Note: Anthropic requires max_tokens in every API call. aoide defaults to 4096, which is suitable for most test responses. Per-request overrides take precedence: runPrompt(target, { maxTokens: 1024, ... }).

Ollama (local)

import { OllamaProvider } from '@templum/aoide/providers/ollama';
// also available as: import { OllamaProvider } from '@templum/aoide';

// Default id is 'local:ollama' — automatically runs at concurrency 1
registerProvider(new OllamaProvider());

// Custom id and URL:
registerProvider(new OllamaProvider('local:ollama', 'http://localhost:11434'));

Supports embeddings (toBeSemanticallySimilarTo).

Local provider tip: Any provider id starting with local: is automatically limited to 1 concurrent request, preventing host overload during it.eachModel or parallel tests.

LM Studio (local)

import { LMStudioProvider } from '@templum/aoide/providers/lmstudio';
// also available as: import { LMStudioProvider } from '@templum/aoide';

// Default id is 'local:lmstudio' — automatically runs at concurrency 1
registerProvider(new LMStudioProvider());

Custom Provider

import type { LLMProvider } from '@templum/aoide';

const myProvider: LLMProvider = {
  id: 'my-provider',
  async execute(model, request) {
    // ... call your API
    return { text, rawResponse, usage, metadata };
  },
  // Optional — required for toBeSemanticallySimilarTo
  async getEmbeddings(model, request) {
    return { embeddings, usage, metadata };
  },
};

registerProvider(myProvider);

Embedder Setup (required for semantic similarity)
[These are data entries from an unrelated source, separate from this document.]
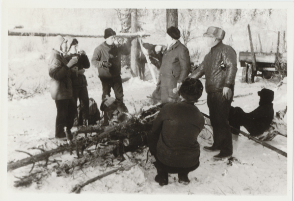 68. Kaksi miestä, poika ja nainen heinähommissa
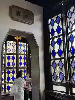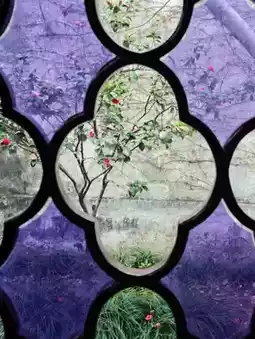 In the western section of Zhuozheng Garden,built in 1509 during the Ming Dynasty and later fragmented among 32 successive owners—stands the ethereal Thirty-Six Mandarin Duck Hall (卅六鸳鸯馆).This rare mandarin duck-style pavilion is split symmetrically into north and south chambers, but its true magic lies in the 19th-century European stained glass that cloaks its windows. Commissioned by Hong Jun,a Qing-dynasty diplomat to Germany, the violet-hued crabapple-patterned panes*transform sunlight into liquid amethyst. As the day progresses, beams of indigo and lavender ripple across the wooden floors, casting the entire space in a dreamlike chromatic glow as if the pavilion itself breathes with the garden’s 500-year history. Here, where Chinese courtyard architecture meets imported glasswork, even dust particles seem to dance like time travelers between dynasties.
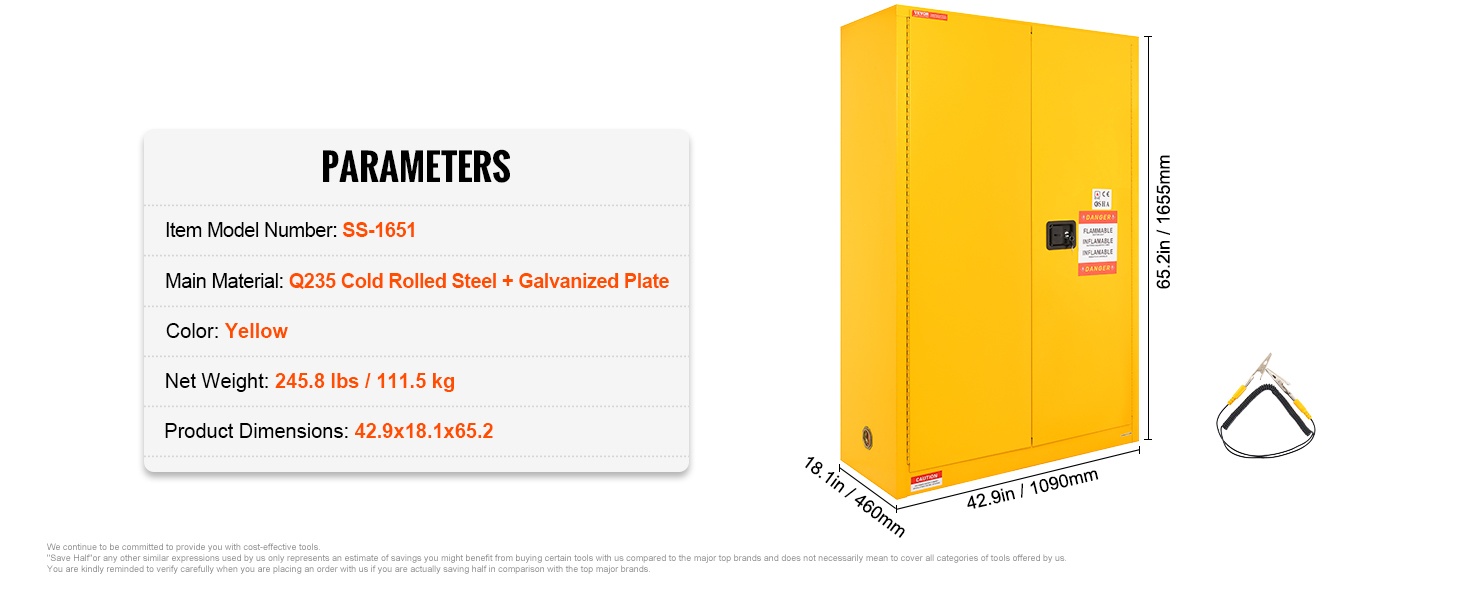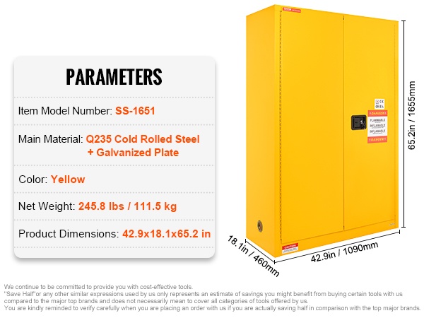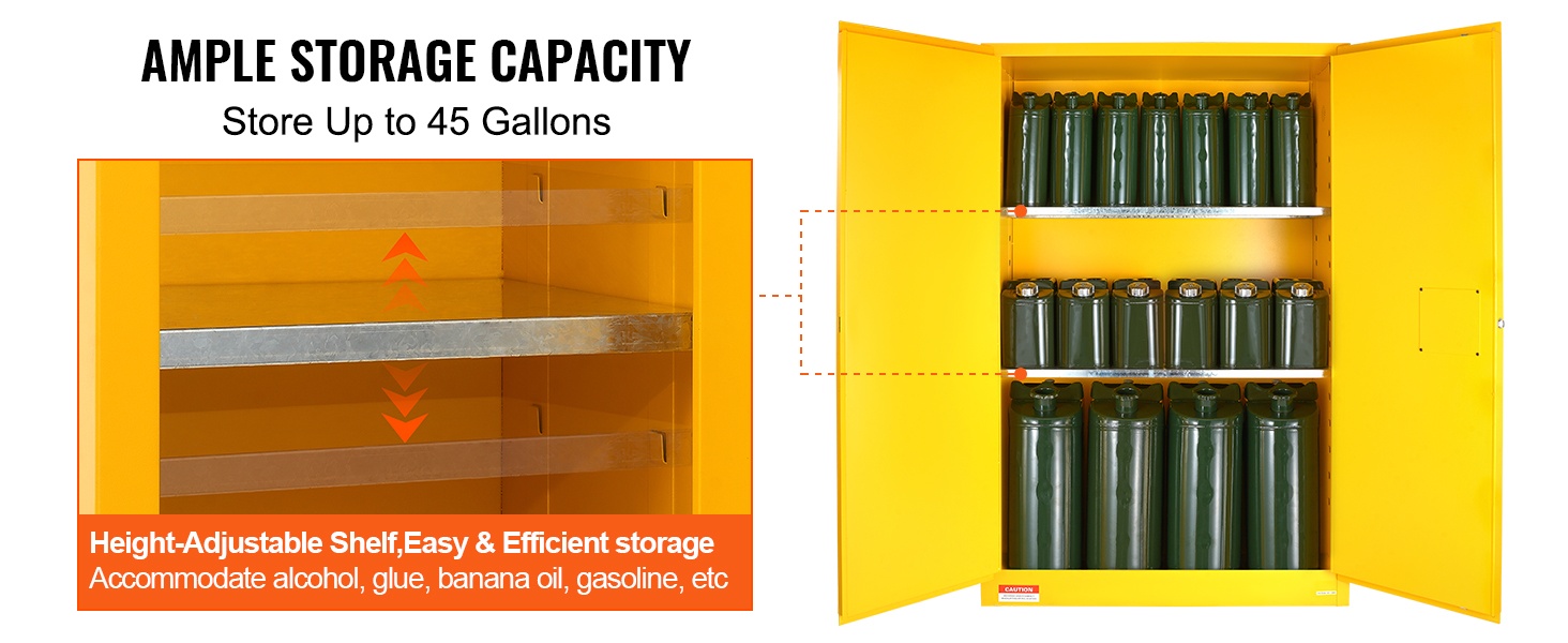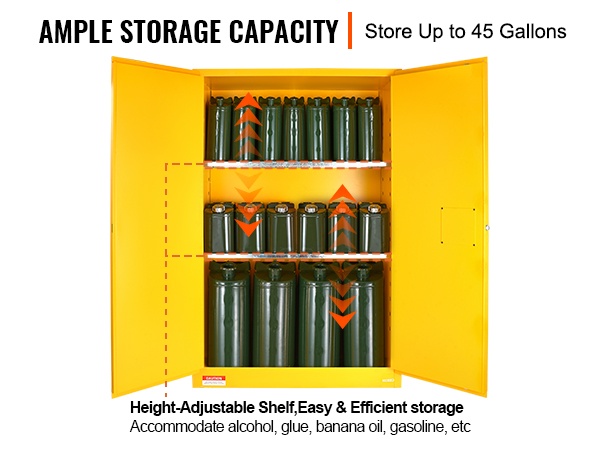 Kaapin tilavuus on 34 gallonaa, joten se soveltuu monenlaisten palavien ja helposti syttyvien aineiden säilytykseen, kuten alkoholit, liimat, banaaniöljy, bensiini ja vastaavat kemikaalit. Kaapissa on 1 säädettävä hylly, jonka korkeutta voi muuttaa säilytystarpeen mukaan.
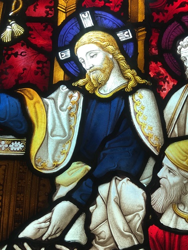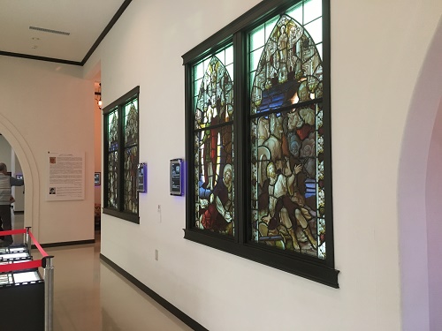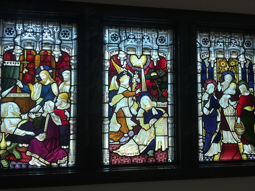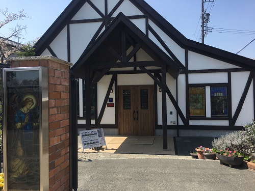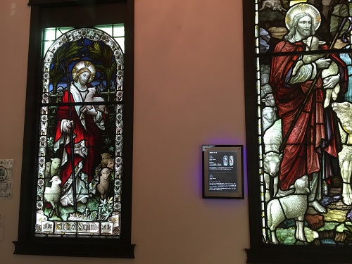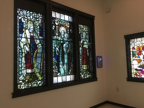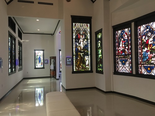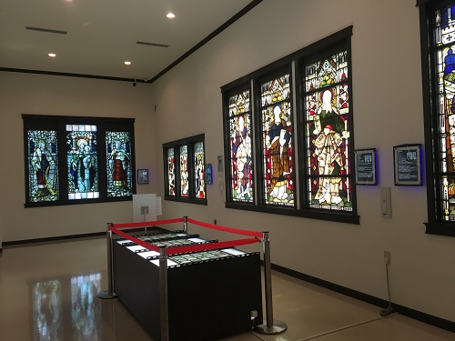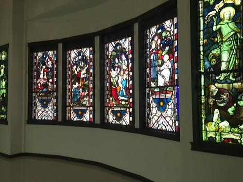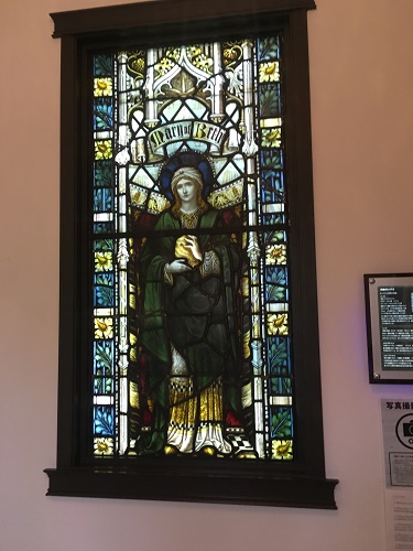 入ってすぐに目の前に聖母マリアのステンドグラスが!!
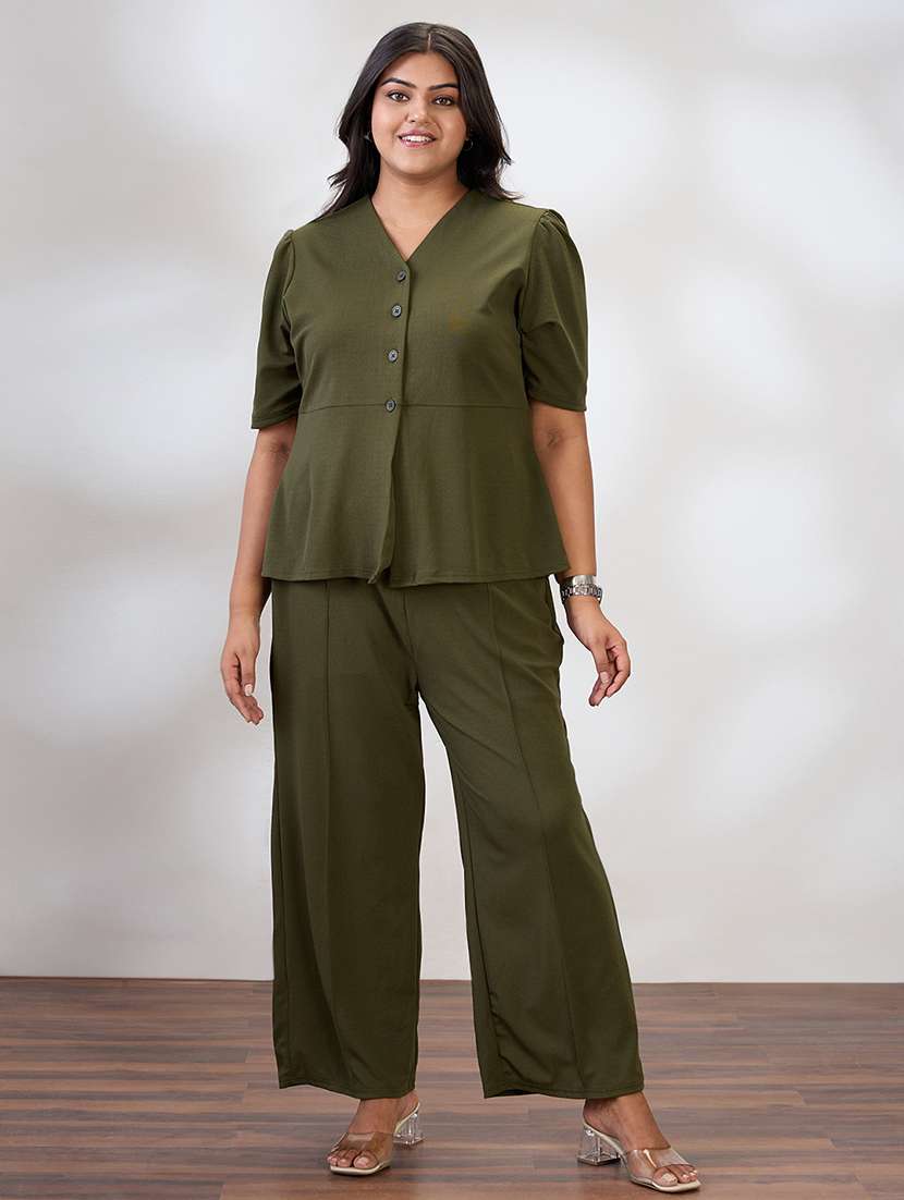 Elevate your workwear with this olive co-ord set, featuring a stylish V-neck top with puff sleeves and button closures. Crafted from soft poly lycra, the set offers all-day comfort and a sleek, tailored fit. The matching full-length trousers with mid-rise waist and button closure complete the formal look. Perfect for plus-size women who love both fashion and function.

Configure via aoide.config.ts:

const config: AoideConfig = {
  embedder: {
    target: { provider: 'openai', model: 'text-embedding-3-small' },
  },
};

Or programmatically in a beforeAll:

import { setupEmbedder } from '@templum/aoide';

setupEmbedder({ target: { provider: 'openai', model: 'text-embedding-3-small' } });

Assertions API

All assertions are available on expect(value). value may be a string, a ModelResponse (from runPrompt), a number, or any other value for the general assertions.

Synchronous

// Exact equality
expect(response).toBe('exact value');

// Null / defined / truthiness
expect(response.text).toBeDefined();
expect(noResponse).toBeUndefined();
expect(value).toBeNull();
expect(value).toBeTruthy();
expect(value).toBeFalsy();

// String containment
expect(response).toContain('substring');
expect(response).toContain('substring', { ignoreCase: true });

// Regex format
expect(response).toMatchExactFormat(/^\d{3}-\d{4}$/);

// JSON Schema
expect(response).toMatchJsonSchema({
  type: 'object',
  properties: { name: { type: 'string' } },
  required: ['name'],
});

// Numeric (useful for token counts, scores)
expect(42).toBeGreaterThan(10);
expect(42).toBeGreaterThanOrEqual(42);
expect(5).toBeLessThan(10);
expect(5).toBeLessThanOrEqual(5);

Negation (`.not`)

Every assertion has a .not form:

expect(response).not.toContain('error');
expect(response).not.toMatchExactFormat(/^\s*$/);
expect(value).not.toBeNull();
expect(value).not.toBeFalsy();
await expect(response).not.toPassLLMJudge({
  criteria: 'Contains harmful content',
  threshold: 0.5,
});
await expect(response).not.toBeSemanticallySimilarTo('off-topic text', 0.5);

LLM-as-Judge

Requires judge in config or setupJudge().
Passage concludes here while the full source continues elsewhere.